» **Data for the task**
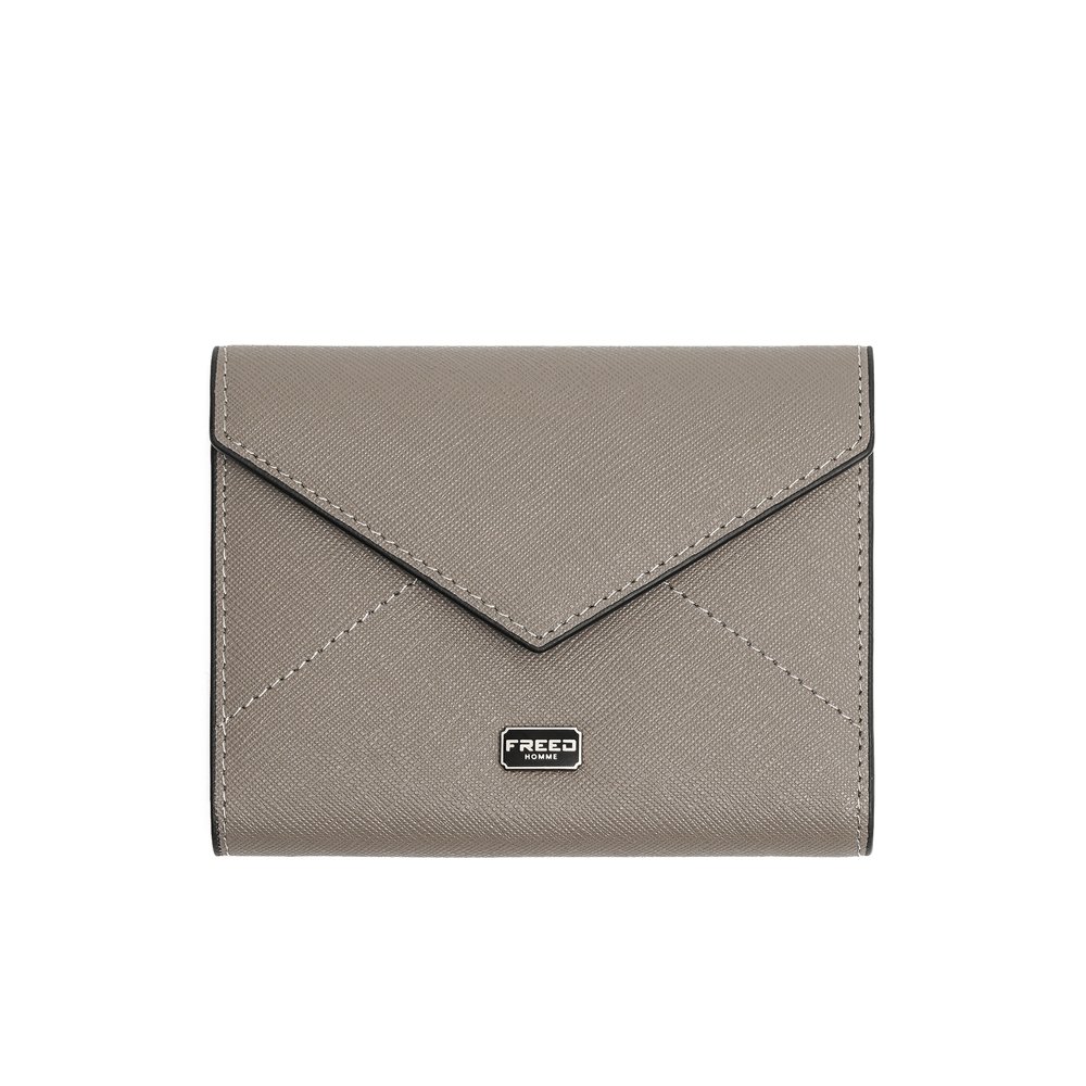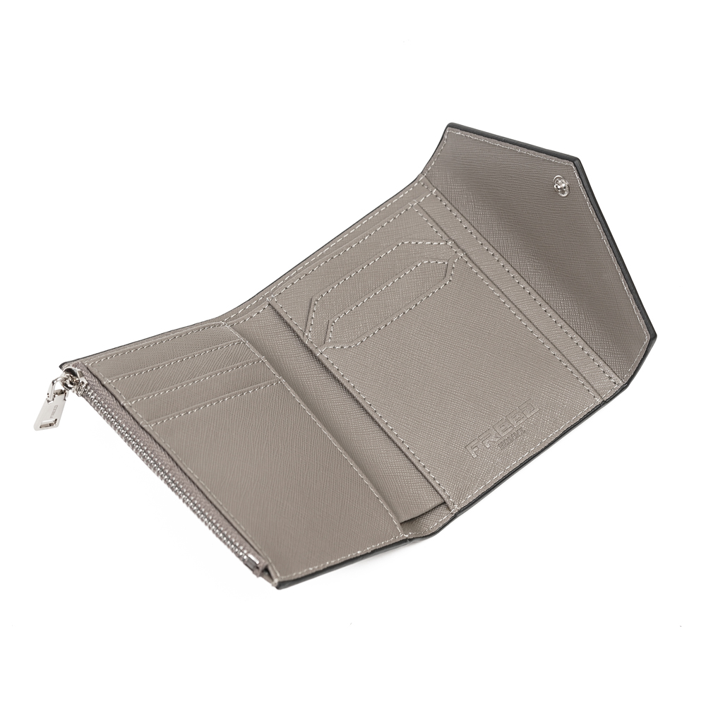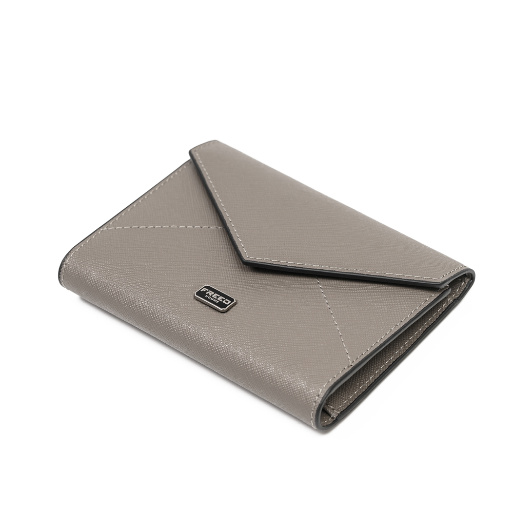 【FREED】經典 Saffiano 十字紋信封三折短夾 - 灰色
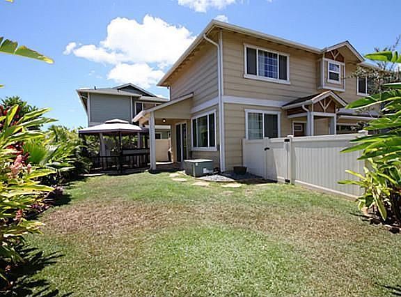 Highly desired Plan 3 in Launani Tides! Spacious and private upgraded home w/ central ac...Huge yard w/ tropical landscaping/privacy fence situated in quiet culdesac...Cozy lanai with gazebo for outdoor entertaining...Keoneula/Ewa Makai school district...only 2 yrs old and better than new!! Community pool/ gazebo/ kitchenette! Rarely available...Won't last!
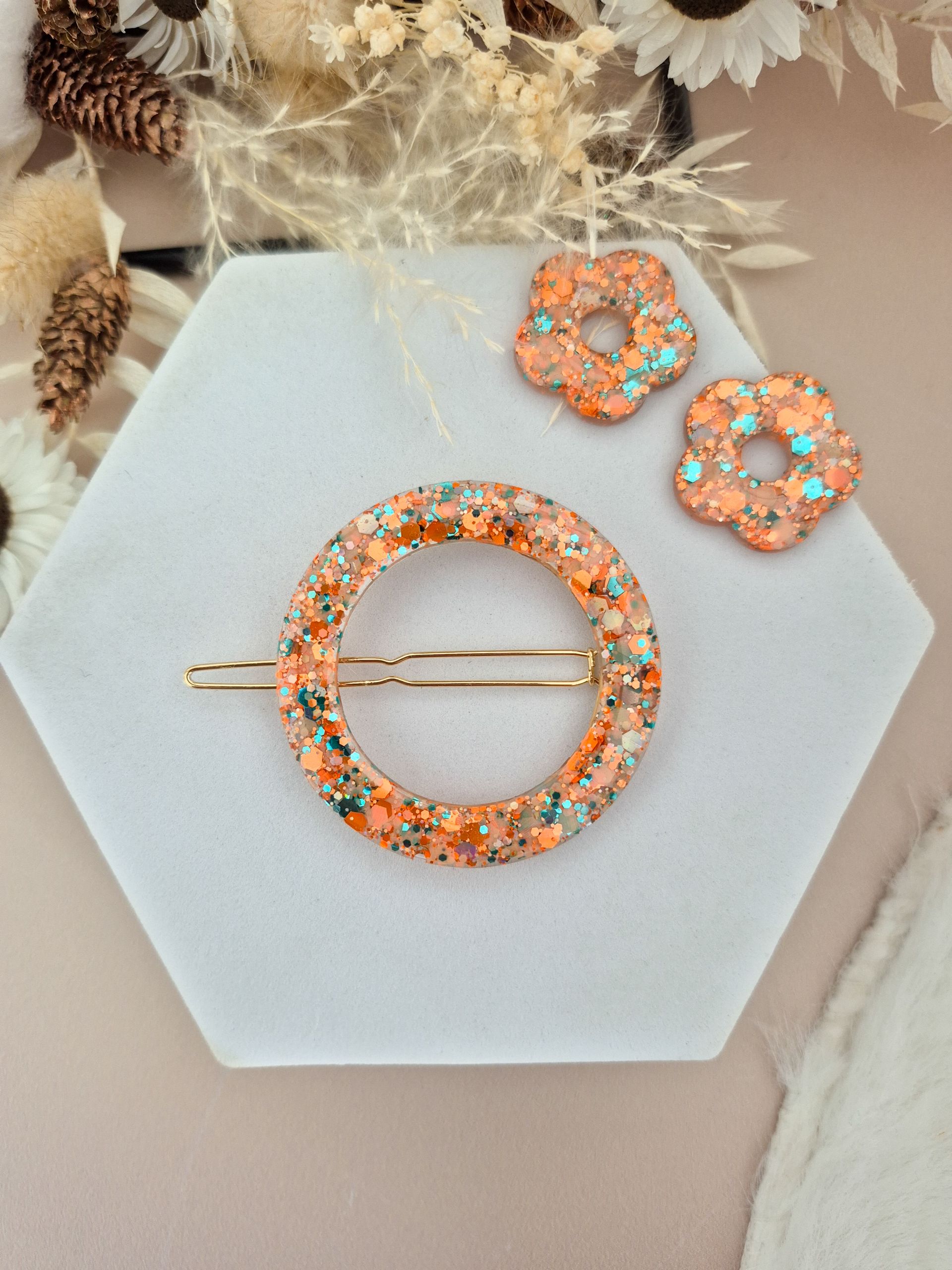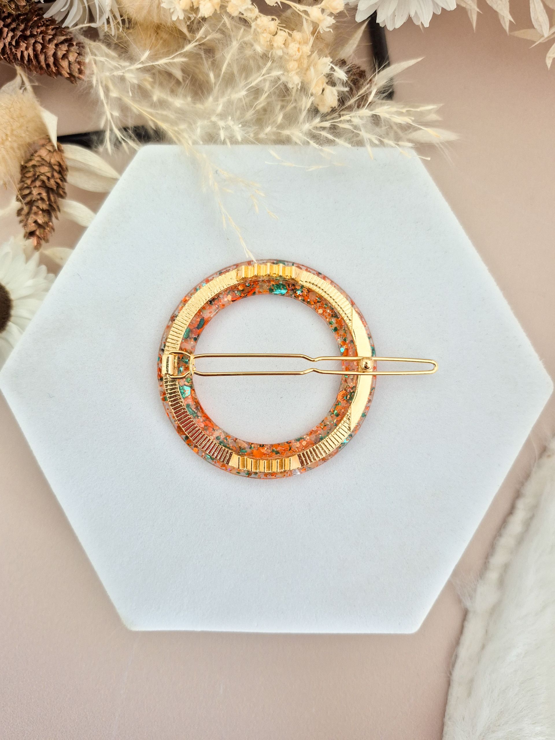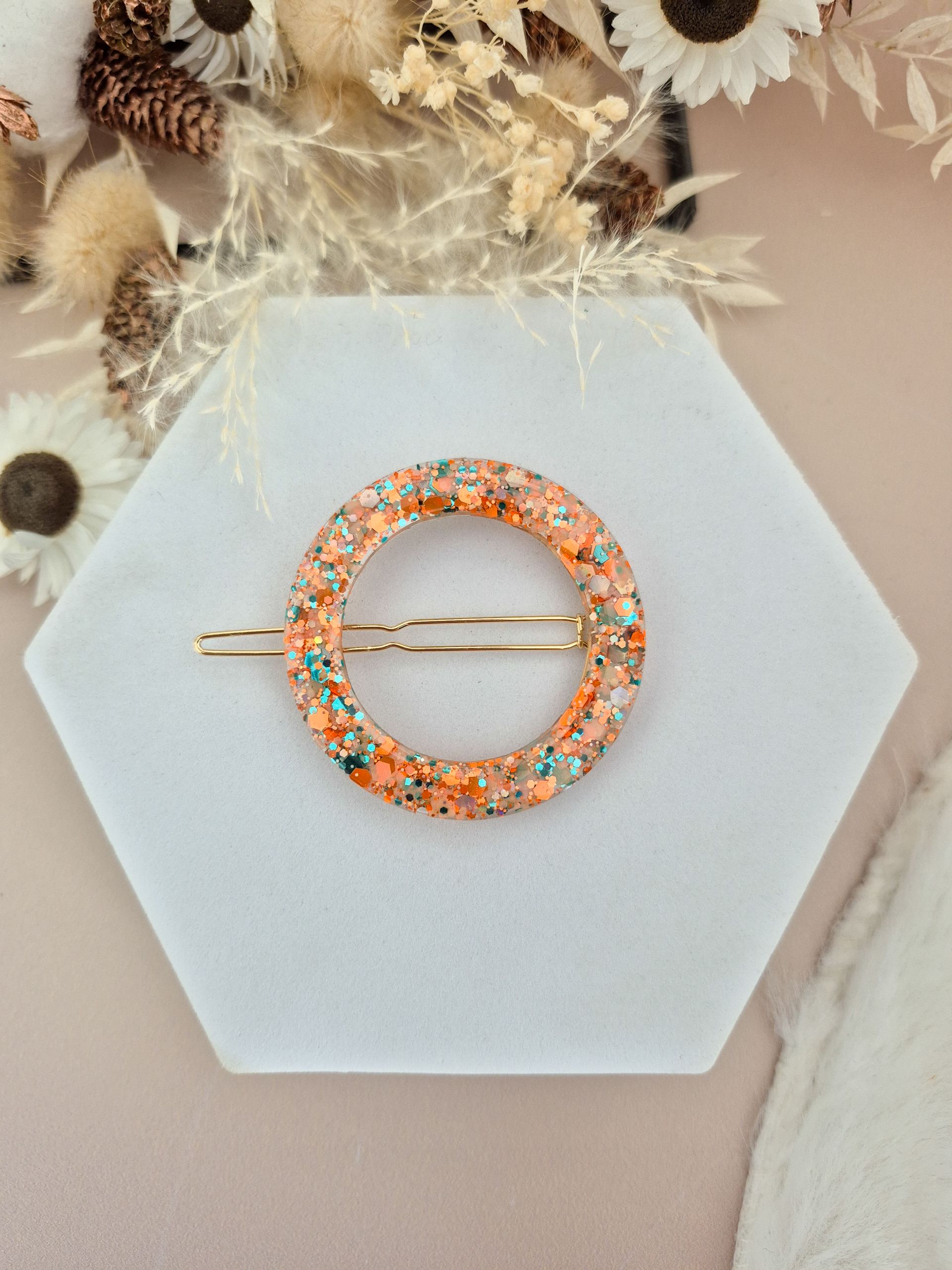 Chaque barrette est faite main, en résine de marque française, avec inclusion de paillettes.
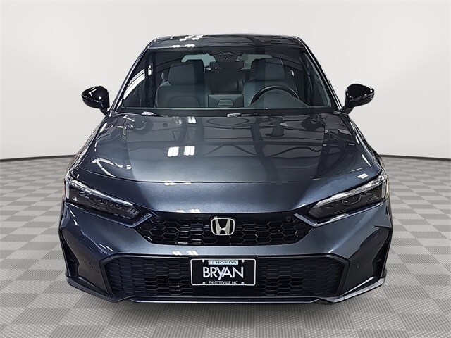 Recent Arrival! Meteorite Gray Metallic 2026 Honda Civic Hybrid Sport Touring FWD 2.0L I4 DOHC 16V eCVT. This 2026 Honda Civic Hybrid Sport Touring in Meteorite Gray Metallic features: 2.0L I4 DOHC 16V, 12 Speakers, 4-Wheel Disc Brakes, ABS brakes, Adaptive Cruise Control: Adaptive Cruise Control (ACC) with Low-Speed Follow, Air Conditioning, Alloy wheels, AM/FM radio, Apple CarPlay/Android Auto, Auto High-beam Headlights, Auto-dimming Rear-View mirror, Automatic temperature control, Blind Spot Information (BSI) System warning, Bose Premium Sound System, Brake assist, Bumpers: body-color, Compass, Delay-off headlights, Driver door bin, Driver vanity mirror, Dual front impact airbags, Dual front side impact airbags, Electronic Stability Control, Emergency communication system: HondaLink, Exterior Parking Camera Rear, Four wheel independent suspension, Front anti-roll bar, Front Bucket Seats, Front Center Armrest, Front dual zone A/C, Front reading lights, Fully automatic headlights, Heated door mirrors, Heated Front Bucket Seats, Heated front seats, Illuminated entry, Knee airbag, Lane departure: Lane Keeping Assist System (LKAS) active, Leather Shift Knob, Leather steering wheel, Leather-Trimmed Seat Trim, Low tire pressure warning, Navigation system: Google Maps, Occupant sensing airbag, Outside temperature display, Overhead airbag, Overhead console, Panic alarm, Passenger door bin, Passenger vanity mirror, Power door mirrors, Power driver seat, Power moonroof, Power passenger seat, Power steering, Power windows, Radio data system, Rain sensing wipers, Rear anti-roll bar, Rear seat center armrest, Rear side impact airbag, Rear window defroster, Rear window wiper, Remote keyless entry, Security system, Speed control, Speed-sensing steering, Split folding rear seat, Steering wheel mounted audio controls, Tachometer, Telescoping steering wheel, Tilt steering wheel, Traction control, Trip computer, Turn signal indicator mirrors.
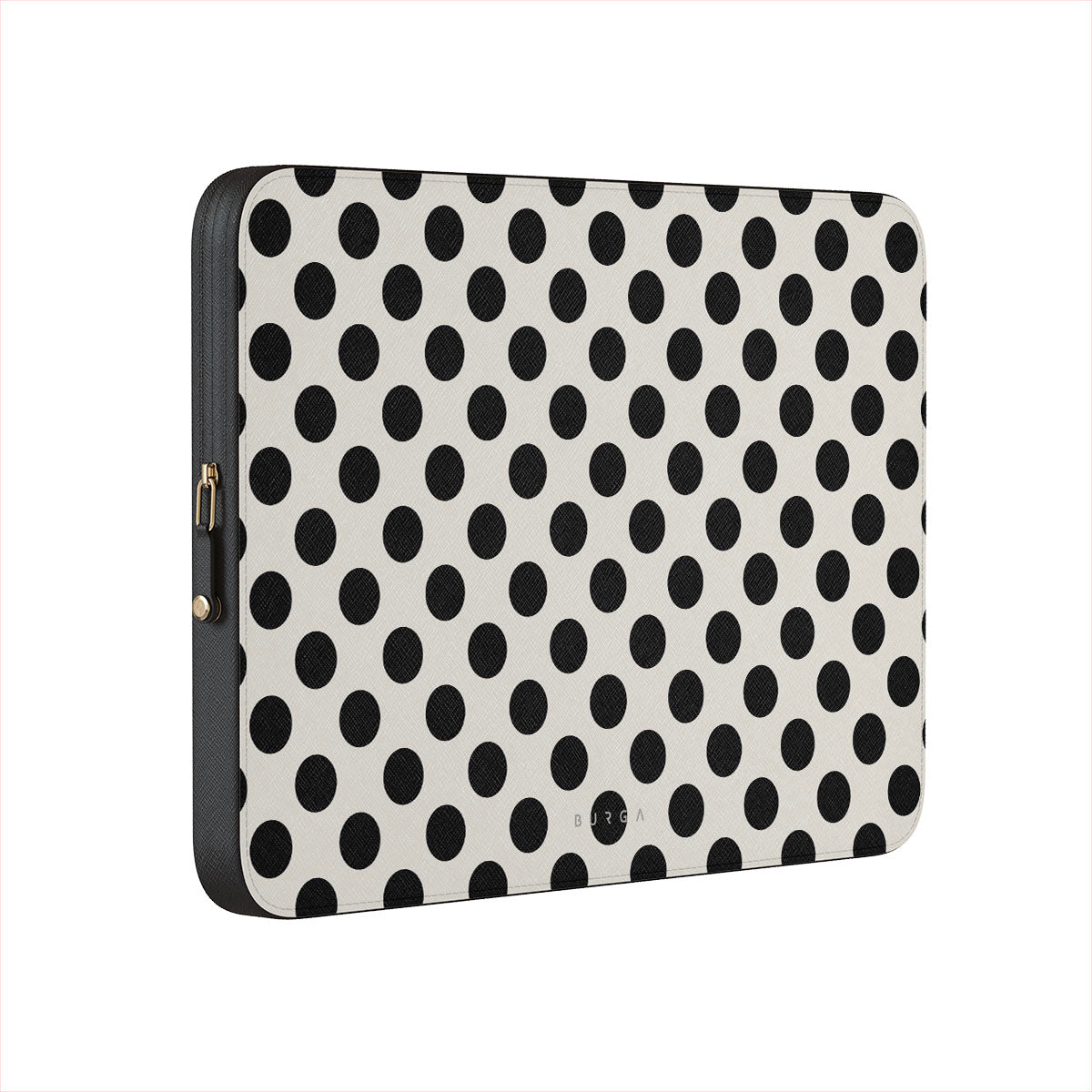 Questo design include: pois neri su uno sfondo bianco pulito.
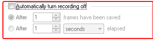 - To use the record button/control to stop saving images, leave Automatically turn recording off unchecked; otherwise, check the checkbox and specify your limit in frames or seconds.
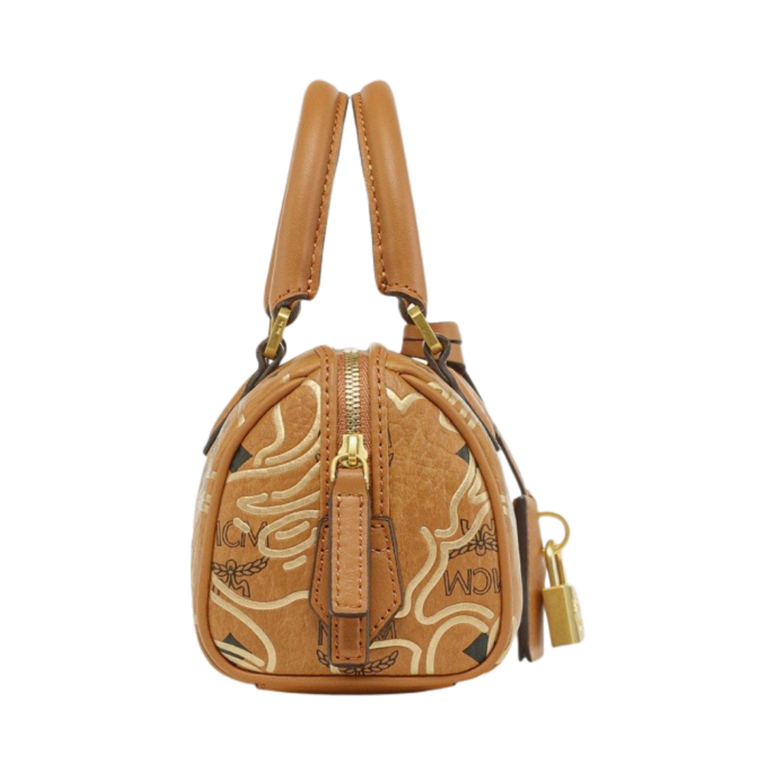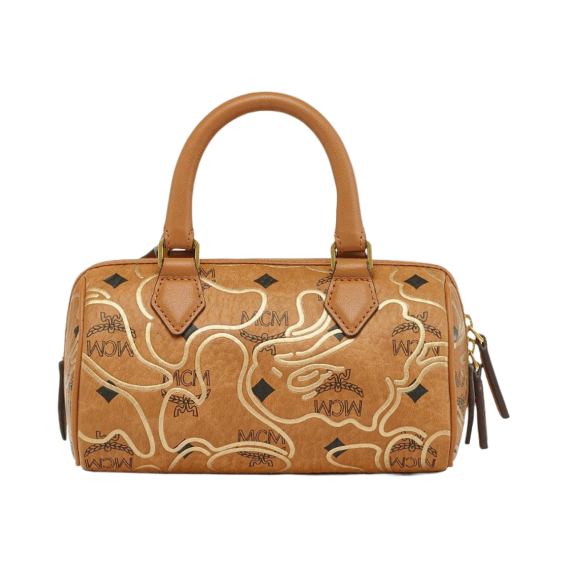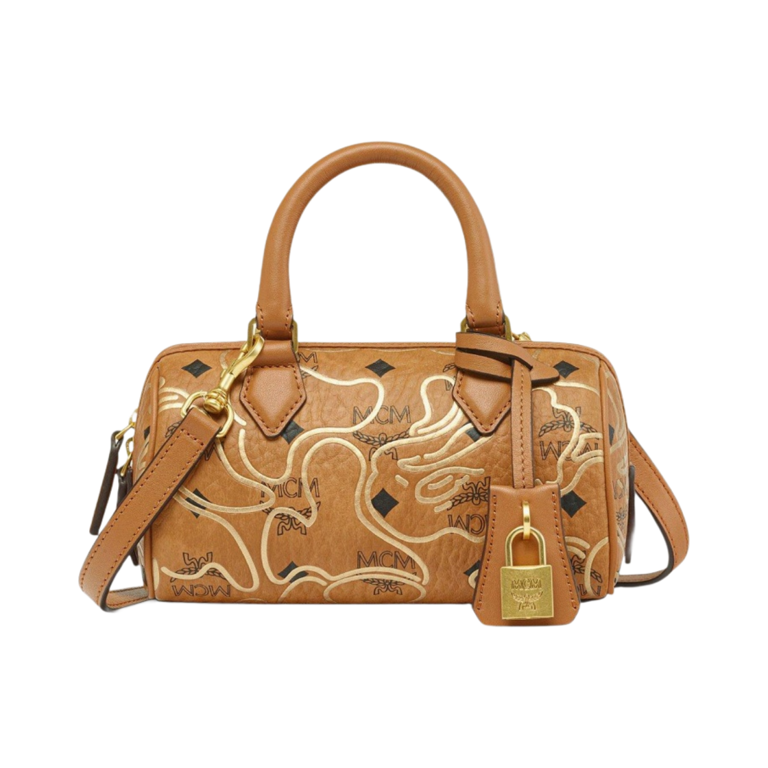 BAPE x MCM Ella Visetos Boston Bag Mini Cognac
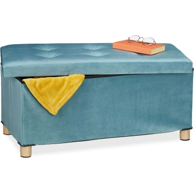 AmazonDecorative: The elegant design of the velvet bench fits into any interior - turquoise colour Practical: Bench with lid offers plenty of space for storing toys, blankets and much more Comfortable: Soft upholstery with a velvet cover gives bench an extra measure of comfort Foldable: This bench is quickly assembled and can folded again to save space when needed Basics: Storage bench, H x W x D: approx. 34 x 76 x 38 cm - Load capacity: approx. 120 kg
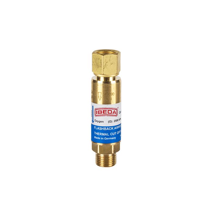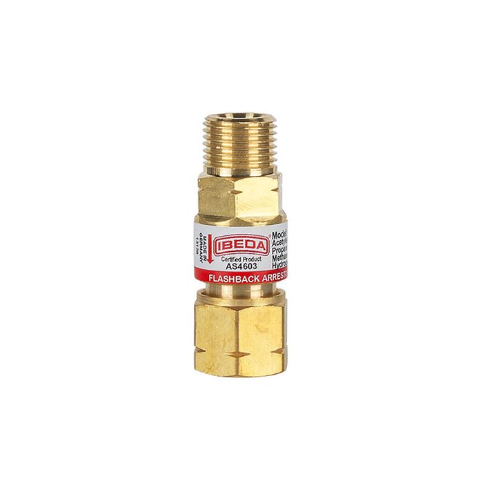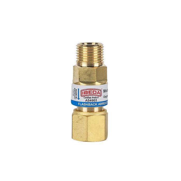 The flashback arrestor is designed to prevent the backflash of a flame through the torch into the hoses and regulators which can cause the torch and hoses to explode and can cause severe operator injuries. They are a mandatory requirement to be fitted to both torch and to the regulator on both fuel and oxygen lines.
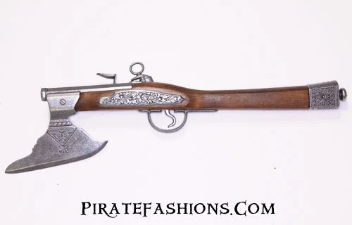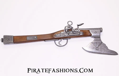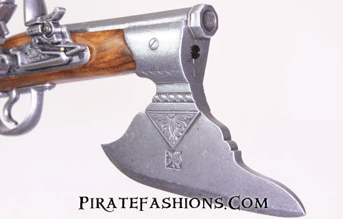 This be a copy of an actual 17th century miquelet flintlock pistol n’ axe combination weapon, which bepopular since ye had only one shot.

» **Problem details**
From the first line above down to the line with "Chaque barrette est", reproduce every line and no others, omitting pictures.

» **Answer to this exercise**
 【FREED】經典 Saffiano 十字紋信封三折短夾 - 灰色
 Highly desired Plan 3 in Launani Tides! Spacious and private upgraded home w/ central ac...Huge yard w/ tropical landscaping/privacy fence situated in quiet culdesac...Cozy lanai with gazebo for outdoor entertaining...Keoneula/Ewa Makai school district...only 2 yrs old and better than new!! Community pool/ gazebo/ kitchenette! Rarely available...Won't last!
 Chaque barrette est faite main, en résine de marque française, avec inclusion de paillettes.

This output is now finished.